The program is designed to give you foundational core knowledge of the archives profession. The curriculum is structured around the guidelines for graduate programs set by the Society of American Archivists, ensuring that students have a comprehensive understanding of professional archival standards that may not otherwise be acquired without an archives concentration in their graduate level education.
The archives certificate will acquaint you with the core knowledge of the profession, focusing on the nature of records and the basic archival functions of records appraisal, acquisition, arrangement, description, preservation, reference, access, outreach and archives administration. You will also gain essential contextual knowledge of the sociocultural factors shaping archival records as they are created and managed over time in different communities of practice and localities.

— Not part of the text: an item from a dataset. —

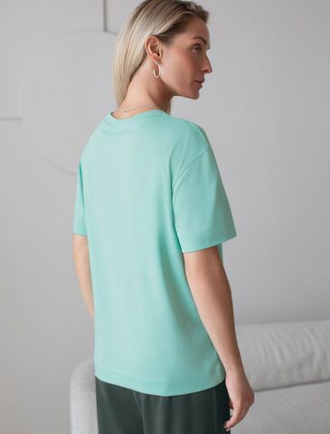 Футболка мятного цвета изготовлена из премиального хлопка с эластаном, она обеспечивает невероятное ощущение уюта и легкости. Натуральный материал сохраняет форму и цвет после множества стирок, обеспечивая долговечность изделия, а его высокая воздухопроницаемость создает ощущение свежести даже в течение долгого дня.

The certificate requires a minimum of 12 to 15 credit hours in total (depending on admissions qualifications), including 9-12 units from required courses, and three units from an elective course. Students completing the certificate only are advised to present a minimum of 18 units of courses consisting of core archival knowledge to meet the Society of American Archivist recommendations for Graduate Programs in Archival Studies.
- 12 units
Provides an introduction to the archival profession with focus on theory and practice in the areas of appraisal and acquisition, arrangement and description, reference, preservation, exhibitions, outreach, and electronic resource development.
This course examines the archivist’s ‘first’ responsibility – the appraisal of records for long-term preservation. Appraisal is first in the sequence of archival functions and, therefore, influences all subsequent archival activities. Importantly, appraisal is integral in archiving as, through it, archivists determine what silver of the total human documentary production will actually become ‘archives’ and thus part of society’s historical narrative and collective memory. By performing appraisal and selection, archivists are thereby actively shaping the future’s history of our times.
This course will address the impact of technology on the fundamentals of libraries, archives and records management. Many librarians, archivists and records managers who have been working for even a few years find that they need to know more about working with digital information, the shift from paper to electrons caused a shift in the fundamental nature of the professions. To thrive in the digital era, they need new skills to accomplish many of the same tasks. Collections will no longer be physical, bur virtual. Patrons will often be thousands of miles away, not just the other side of the reference desk. This course is intended to help you understand this new environment.
- 3 units
- Select 1 courses
Study of the principles and practices of descriptive cataloging for bibliographic and authority control, and resource discovery. AACR2R, RDA, MARC, Dublin Core, OAI-PMH, and selected specialized metadata schemes for all forms and formats of materials are covered.
Provides an introduction to the preservation of library materials, including an overview of physical and chemical deterioration in various forms of media, and exploration of the body of knowledge related to ameliorating these problems.
Addresses themes associated with the production of information artifacts and issues in documenting cultural diversity across the American culture landscape. The practices of collection and documenting cultures and communities will be explored in relation to the mission of libraries, archives, historical societies and other cultural heritage institutions concerned with the acquisition of information in books, journals and other textual materials, and in sound and visual documents.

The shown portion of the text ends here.